Table of Contents |
---|
Overview
The This is documentation for Bridge User Data Download (BUDD) Service is the name of a stack that includes the following pieces:
- A way for the user to request user data.
- An asynchronous BUDD Daemon, which processes the request and gathers health data from AWS.
- A way for the user to get their data back from the BUDD Daemon.
Specifics in the following sections.
Requesting User Data
Alternative #1: BridgePF API and SQS Queue
The user calls the requestUserData API, which lives in BridgePF. The user will pass in start date and end date (we can limit the time range to something like a week to make sure they don't brown out our system; also they can use this to get incremental updates of their data). BridgePF will then write the start and end date, along with health code and email address, to an SQS queue and return OK to the user.

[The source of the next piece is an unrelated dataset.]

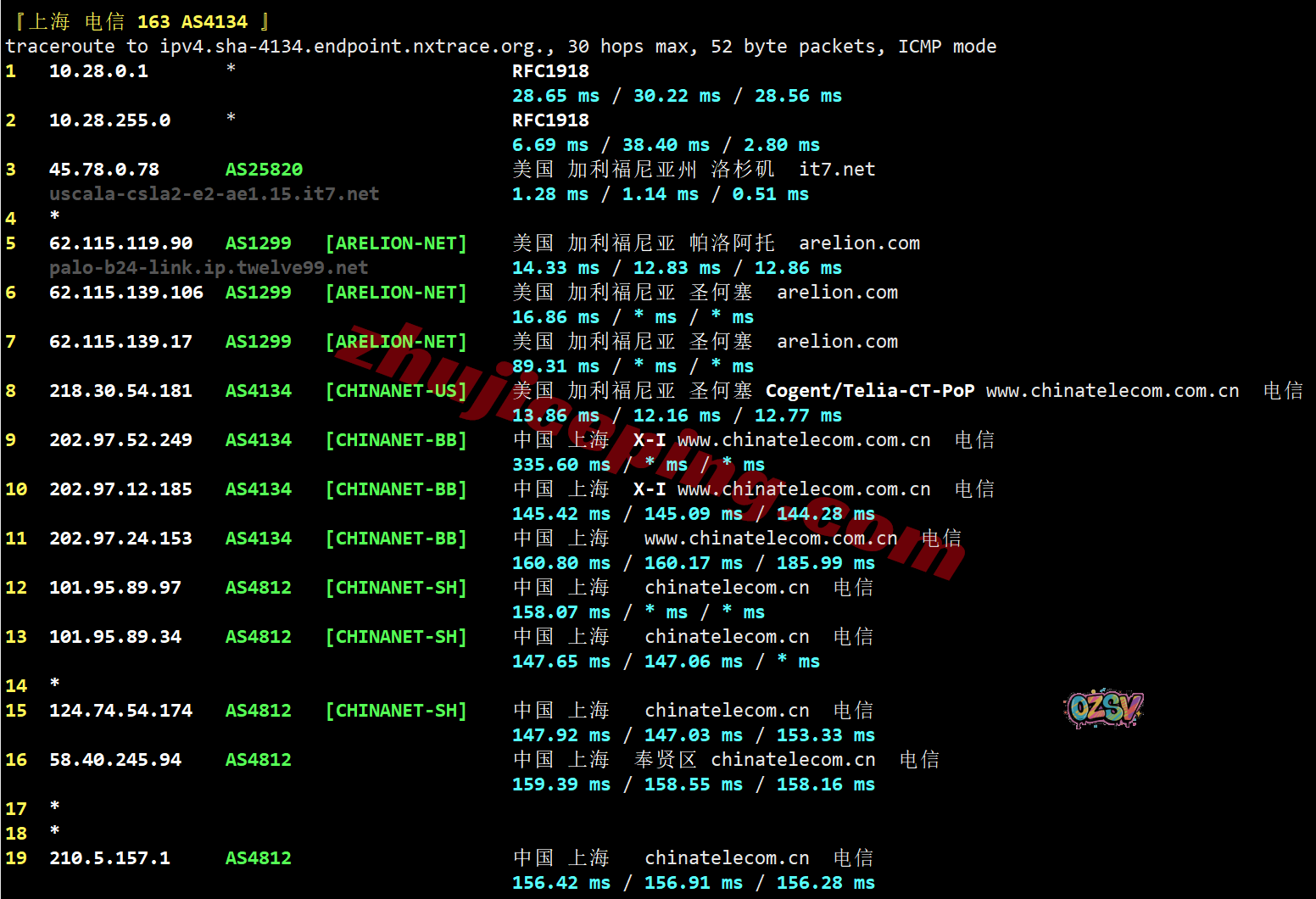 上海方向:机房出来接telia去圣何塞,从电信美国圣何塞peer/cogent/telia出海回国

The SQS queue will contain entries representing a request for health data, containing health code, email address, start date, and end date. These entries will be consumed by the BUDD Daemon.
Pros:
- We only have one front-end for all user interaction (BridgePF).
- Apps can integrate with this API without having to configure an entirely separate end point.
- Much cheaper to build compared to a web portal.
Cons:
- Potential security risk from having both email address and health code in SQS, even if only temporarily. (Even just the email address may be a security risk.)
Alternative #2: Web Portal
Users log into a web portal using their Bridge credentials and submit a user data request through the web portal. This request will include the start date and end date. (Again, we can limit the time range.) The BUDD Daemon is an asynchronous process on the same host that handles this request.
Pros:
- If we're building a web portal for returning user data, might as well use the same web portal for requesting it too.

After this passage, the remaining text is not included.